This code is to find sum of even numbers in Fibonacci sequence. I just wants to know the Time complexity of this program
int sum = 2;
int a = 1;
int b = 2;
while (a < 4000000) {
int c = a;
a = b;
b = c + b;
if (b % 2 == 0) {
sum += b;
}
}
System.out.println(sum);
I would be thankful if I get an explanation too.
First, this specific code snippet has constant time complexity as it does not have any variable defining the time of execution.
Let's assume that the limit 4000000 defines such variable parameter thus limiting maximum Fibonacci number Fk < N:
public static int sumEvenFibos(int n) {
int sum = 2;
int a = 1;
int b = 2;
int k = 1; // index of Fibonacci number
while (a < n) {
int c = a;
a = b;
b = c + b;
if (b % 2 == 0) {
sum += b;
}
k++;
}
System.out.println("sum=" + sum + "; k=" + k + " for n=" + n);
return sum;
}
Then this function has lower time complexity than O(N) because the k-th Fibonacci number a grows non-linearly according to Binet's formula which can be expressed asymptotically as: Fk ~= φ^K / sqrt(5), where φ = (1 + sqrt(5))/2 > 1 is golden ratio.
Thus, in the the loop at most k Fibonacci numbers are calculated, that is:
Fk < N, φ^K / sqrt(5) < N --> φ^K < N * sqrt(5)
hence,
K < log(N * sqrt(5)) / log (φ)
As the constant values can be ignored when defining time complexity, T(N) = O (log N).

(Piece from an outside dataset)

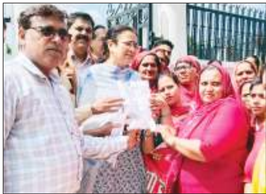
आशा वर्करों को मानदेय बहुत कम दिया जा रहा है। जिससे परिवार को गुजारा बड़ा मुश्किल से होता है।

The number of sum operations for even Fibonacci numbers is K/3 because each third Fibonacci number is even:
1 1 2 3 5 8 11 13 24 etc.
Test & Output
int[] ns = {
10, 100, 1000, 10_000, 100_000,
1000_000, 2000_000, 4000_000,
10_000_000, 20_000_000, 40_000_000,
80_000_000, 160_000_000
};
Arrays.stream(ns).forEach(MyClass::sumEvenFibos);
---------
sum=10; k=6 for n=10
sum=188; k=11 for n=100
sum=3382; k=16 for n=1000
sum=14328; k=20 for n=10000
sum=257114; k=25 for n=100000
sum=1089154; k=30 for n=1000000
sum=4613732; k=31 for n=2000000
sum=4613732; k=33 for n=4000000
sum=19544084; k=35 for n=10000000
sum=19544084; k=36 for n=20000000
sum=82790070; k=38 for n=40000000
sum=82790070; k=39 for n=80000000
sum=350704366; k=40 for n=160000000
This is simple. You iterate over all elements in the collection - this is O(n) or linear complexity
The Time complexity of this program will be (n+5)+3+1 = n+9 = o(n) and below is the calculation....
`int sum = 2; // constant =1
int a = 1; //constant = 1
int b = 2; //constant = 1
while (a < 4000000) { //loop = n
int c = a; //constant = 1
a = b; //assigning value = 1
b = c + b; //assigning value = 1
if (b % 2 == 0) { //if condition = 1
sum += b; // addition = 1
}
}
System.out.println(sum); // output = 1
so the time complexity will be o(n) and short trick of finding time complexity is check loops inside code so if one loop so complexity is n and if nested loop complexity is n^2 and if two loop up and below so complexity is 2n and same for all other. Thanks.